Hirsch’s parents had church every Sunday morning. His asking was part of a pattern: he would call after breakfast, ask this question, catch up on what his sister was up to in the UK, ask after everyone’s health, ask who his parents had seen lately … Every Sunday, and running behind the chatter were Hirsch’s overpowering sense memories, aroused by their voices: the smell of eggs and bacon on weekends, his father’s cigarettes, the play of light in the little hill towns above Adelaide, the stutter of the lawn sprinklers.
And their unspoken question: Are you really bent, son?
Then they’d sign off, but this time Hirsch said, “I should arrive sometime after lunch.”

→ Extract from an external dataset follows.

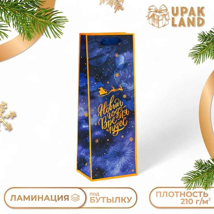 Подарочный пакет новогодний — идеальный выбор для упаковки бутылки.

“Drive safely,” his mother said.
TWO AND A HALF hours to Adelaide, then a quick climb into the hills, the road fast until he turned off for Balhannah. Cooler air up here, scented with spring grasses. He’d struck some Sunday-lunch traffic but the road was quiet now, lunchgoers sprawled at home or in cafés. Greenery pushed in on him from both sides, and he was
woolgathering, not fully engaged, when the siren whooped.
A patrol car, in snarling white and martial black. A 90 km/h zone and Hirsch was doing 85. All his electrics worked: brake light, indicator light. No broken lenses. No failure to stop back there at the crossroads, no failure to give way. So Hirsch woke up pretty quickly, the daydreams dissipating like smoke.
If they wanted to pat him down they’d find the Beretta around his ankle and no paper to go with it.
He pulled over onto the verge and sat there, motor running, watching the rearview mirror. Two figures on board, but the angled windscreen gave him no more than shapes, heads and shoulders. Time passed and Hirsch felt for the pistol and tucked it against his thigh, under a flap of his street directory. They could have been calling it in, he supposed, but didn’t seriously suppose it. Or they had their windows down and were gauging sounds, here above the plain, in the land of little hill towns and doubling-back, up-and-down roads. You’d soon hear a vehicle coming. If you were here to kill Hirsch, you’d want to wait until the coast was clear.
A car did come, an unmarked white Holden. Hirsch watched it crawl past, pull over and reverse until he was hemmed in. He cranked a cartridge into the firing chamber of his pistol, safety off.
Nothing happened, and then something happened. There were four men in the Holden, plain-clothed, and one of the rear passengers held up a mobile phone, waggling it at Hirsch without revealing more than a white shirt cuff under a dark suit sleeve and a shaven bullet head.
Was he to expect a phone call? Make a phone call? Hirsch took his Motorola from the dash cradle, clamped it against the windscreen, his way of saying, “Your move.”
The Motorola screen, slumbering, woke with sound and light. Hirsch said, “Hello.”
“Hello?” his mother said.
So Hirsch said, “Hello,” wondering how the pricks had managed to network the call.
When there was no response, he said, “Mum, it’s me.”